タモキシフェンのことを検索していると、「安心するためにも飲んでいる」という書き込みをよく目にします。
確かに、薬は安心を得るために飲む部分も大きいのではないでしょうか。
僕も何かの薬を飲む時は、その薬の期待できる効果と被ってしまうかもしれい副作用を考えますが、最後には「取りあえず飲んでおけば安心」という理由がつく場合も多いです。
乳がんに対する薬ならば、飲むことで得る心理的な安心感は、その薬の役割の大きな部分を占めると思います。
僕は「間違い」の回のブログで書いたのですが、彼女にはとにかく乳がんの治療法選択において後悔して欲しくないのです。「人事を尽くして天命を待つ」ということをして欲しかったのです。とにかく、よく考えて答えを出して欲しかった。
しかしここでよくよく考えてみると、どうも「人事を尽くす」ということが「安心感を得る」ということになってしまっていたような気がしてきました。
そして、彼女はとてつもなく豪気な性格なので、安心感など欲していないことを思い出しました・・・
僕は彼女に安心して欲しかった。そして彼女は安心などいらなかった。
いや、いくら彼女でも、100%安心がいらない訳でも、100%乳がんの再発が恐くない訳でもないです。
ただ、その割合が一般的な女性の乳がんの患者よりも圧倒的に少ないのです。
そして、彼女にとって自身の女性的な魅力の価値は、一般的な同世代の女性よりも大きいのです。
彼女の心理的なメリット&デメリットを考えると
タモキシフェンを飲むことで得られる安心感<タモキシフェンでエストロゲンを抑えることによる精神的な不快感
となっていたようなのです。
一般的な女性の乳がんの患者ならば、やはりタモキシフェンで乳がんの再発の可能性を減らせる安心感は大きいはずです。なので、タモキシフェンを飲むことのメリットは、そもそもの薬効にプラスして心理的なメリットもあるわけです。

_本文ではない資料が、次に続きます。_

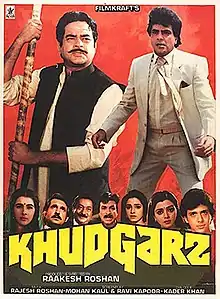 Khudgarz (transl.Selfish) is a 1987 Indian Hindi-language action drama film, produced and directed by Rakesh Roshan under the Film Kraft banner. It features an ensemble cast of Jeetendra, Shatrughan Sinha, Govinda, Bhanupriya, Amrita Singh and Neelam Kothari with music composed by Rajesh Roshan. The film marks the directorial debut of actor Rakesh Roshan.[2] The movie was a silver jubilee hit on release.
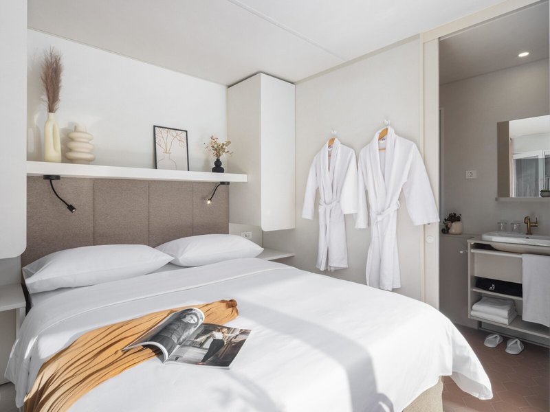 - Premium Holiday Home (MHX3), Mobile Home, ca. 32 m², letzte Komplettrenovierung 2025, Gesamtanzahl der Räume in diesem Zimmertyp: 3, Aufteilung wie folgt: Wohnzimmer, 2 Schlafzimmer, 2 Einzelbetten (80x200cm), 1 Doppelbett (160x200cm), Babybett: ohne Gebühr, Anfrage & Reservierung notwendig, Moskitonetz, Klimaanlage: ohne Gebühr, April - Oktober, individuell regelbar, Heizung: saisonabhängig, individuell regelbar, Safe: ohne Gebühr, Sofa, Kochnische, Kühlschrank: ohne Gebühr, Gas/E-Herd, Geschirrspüler, Kaffee-/Teezubereiter, Wasserkocher, Esstisch, Internet: WLAN/WiFi: ohne Gebühr, Fernseher: Flatscreen, im Wohnbereich, Reinigungsservice: täglich, ohne Gebühr, Dusche, WC, 2 Bäder, Föhn, Terrasse: mit Liegen, mit Sitzgelegenheit

しかし、恐怖というものを知らない彼女にとっては、タモキシフェンを飲む心理的なメリットは小さい。むしろ女性ホルモンを抑えてしまうことによる(実際の身体的な副作用ではない)心理的なデメリットがとても大きい。
薬の効果が同じでも、その薬を飲むことで得る精神的なものがプラスなのか、逆にマイナスなのかは、とても重要です。まして、タモキシフェンは基本的に5年間もの長い間飲む薬なのです。そのプラスかマイナスかの違いは計り知れない違いです。
普通に考えるなら、タモキシフェンを飲まないことを選択して、そして乳がんが再発したならば、「どうして飲まなかったのだろう」と後悔します。(実際に飲んでみて体質に合わずに止めた場合などは別の話ですが)
しかし、彼女は逆だと言っていました。彼女は自分ならば、もし再発した場合を想像すると、タモキシフェンを飲んだのに再発したならば我慢できないだろう、と。飲まずに再発したならば、それは仕方ないと納得するだろう、と。
この彼女の発言を僕は今までまったく理解できなかったのですが、彼女がタモキシフェンを飲んだ時の心理的なメリットとデメリットを考えてみると、納得できるような気がしてきました。
彼女にとって、タモキシフェンを飲む心理的な効果は、普通の乳がん患者がタモキシフェンを飲む心理的な効果と真逆なのです。
普通ならばタモキシフェンの心理的な効果はプラスなのですが、彼女はマイナスなのです。
なので、タモキシフェンを飲んでいたにも関わらず再発した場合の心理的な影響も、彼女の場合は普通の乳がん患者の逆だったわけです。
と、僕が一人で納得しているだけなのかもしれませんが・・・
まあしかし、彼女がタモキシフェンを飲むか飲まないかを決めるために、今、僕はいろいろな情報を集めているわけです。
それならば、薬の情報を集めるのと同時に、彼女がタモキシフェンを飲みたくないと思っている理由も理解するべきなのかもしれません。
飲むか飲まないかを決めるのは、当たり前ですが彼女本人です。そして薬を飲むことには、心理的な作用もあるのです。
タモキシフェンは5年間も飲む薬なのです。本人にとっての薬の心理的な影響はとてつもなく重要です。